• [Data below]
---

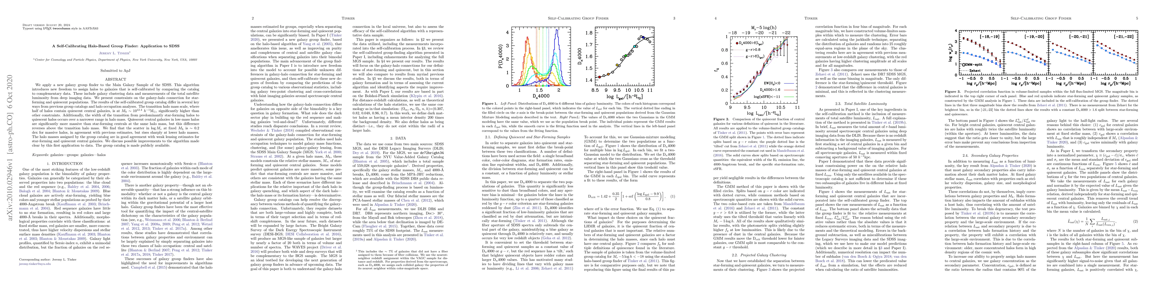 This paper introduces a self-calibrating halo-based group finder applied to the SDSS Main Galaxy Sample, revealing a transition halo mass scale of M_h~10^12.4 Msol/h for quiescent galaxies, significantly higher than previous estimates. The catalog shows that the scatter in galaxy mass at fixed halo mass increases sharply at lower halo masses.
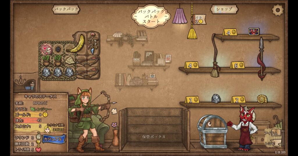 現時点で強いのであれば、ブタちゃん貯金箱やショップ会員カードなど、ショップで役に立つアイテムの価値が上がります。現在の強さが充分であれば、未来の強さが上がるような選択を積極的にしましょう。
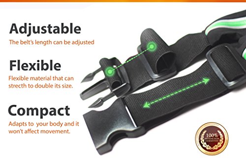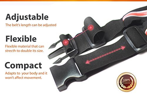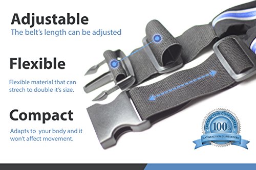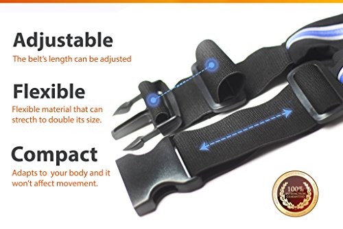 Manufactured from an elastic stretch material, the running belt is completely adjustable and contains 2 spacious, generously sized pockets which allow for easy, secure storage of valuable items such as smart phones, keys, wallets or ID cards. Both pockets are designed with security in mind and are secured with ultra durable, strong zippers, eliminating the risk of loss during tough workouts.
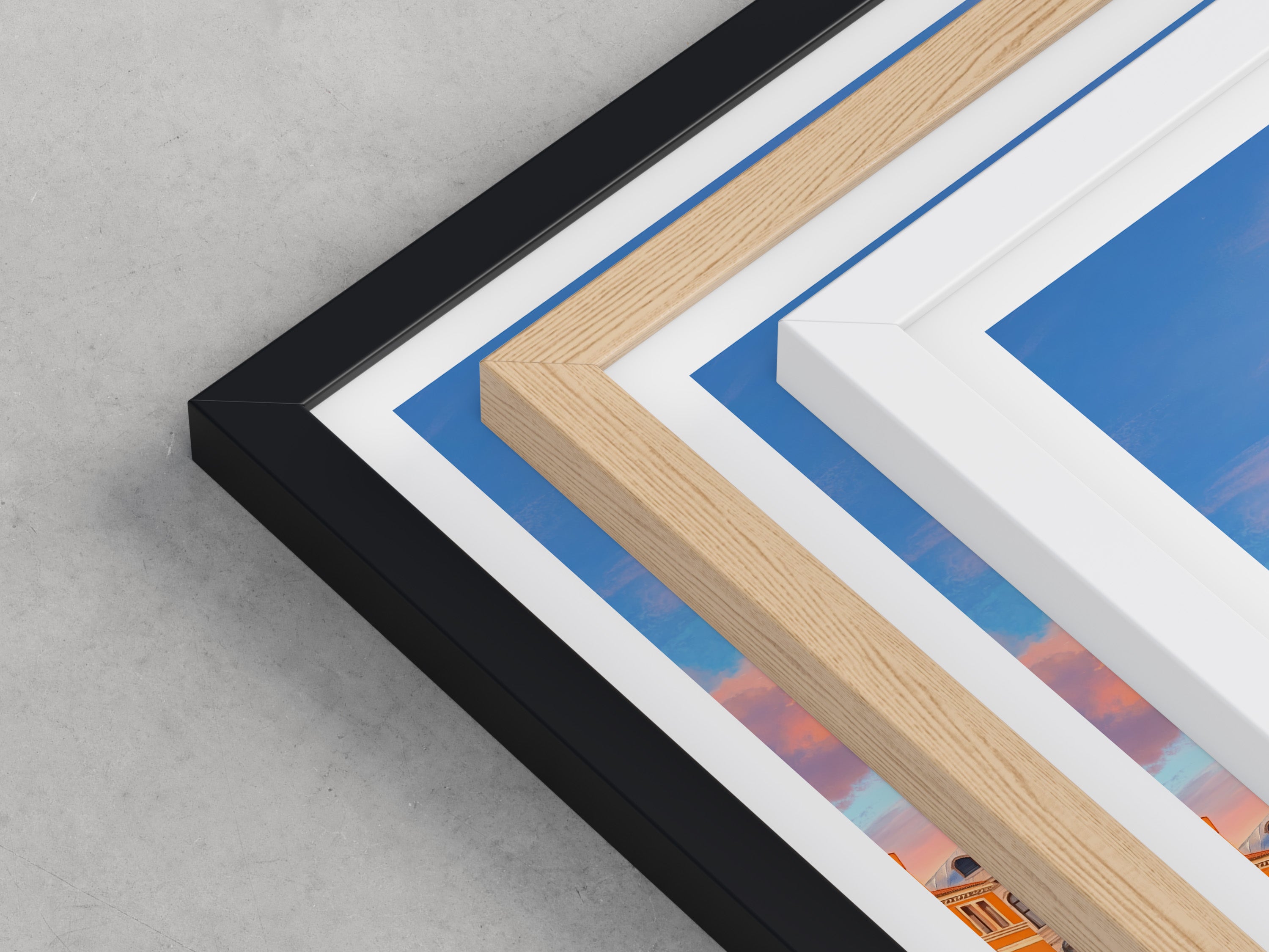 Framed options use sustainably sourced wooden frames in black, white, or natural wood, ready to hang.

---

• [Directions for this task] Give back the material above word for word; no picture belongs in it.

• [Exercise result]
 This paper introduces a self-calibrating halo-based group finder applied to the SDSS Main Galaxy Sample, revealing a transition halo mass scale of M_h~10^12.4 Msol/h for quiescent galaxies, significantly higher than previous estimates. The catalog shows that the scatter in galaxy mass at fixed halo mass increases sharply at lower halo masses.
 現時点で強いのであれば、ブタちゃん貯金箱やショップ会員カードなど、ショップで役に立つアイテムの価値が上がります。現在の強さが充分であれば、未来の強さが上がるような選択を積極的にしましょう。
 Manufactured from an elastic stretch material, the running belt is completely adjustable and contains 2 spacious, generously sized pockets which allow for easy, secure storage of valuable items such as smart phones, keys, wallets or ID cards. Both pockets are designed with security in mind and are secured with ultra durable, strong zippers, eliminating the risk of loss during tough workouts.
 Framed options use sustainably sourced wooden frames in black, white, or natural wood, ready to hang.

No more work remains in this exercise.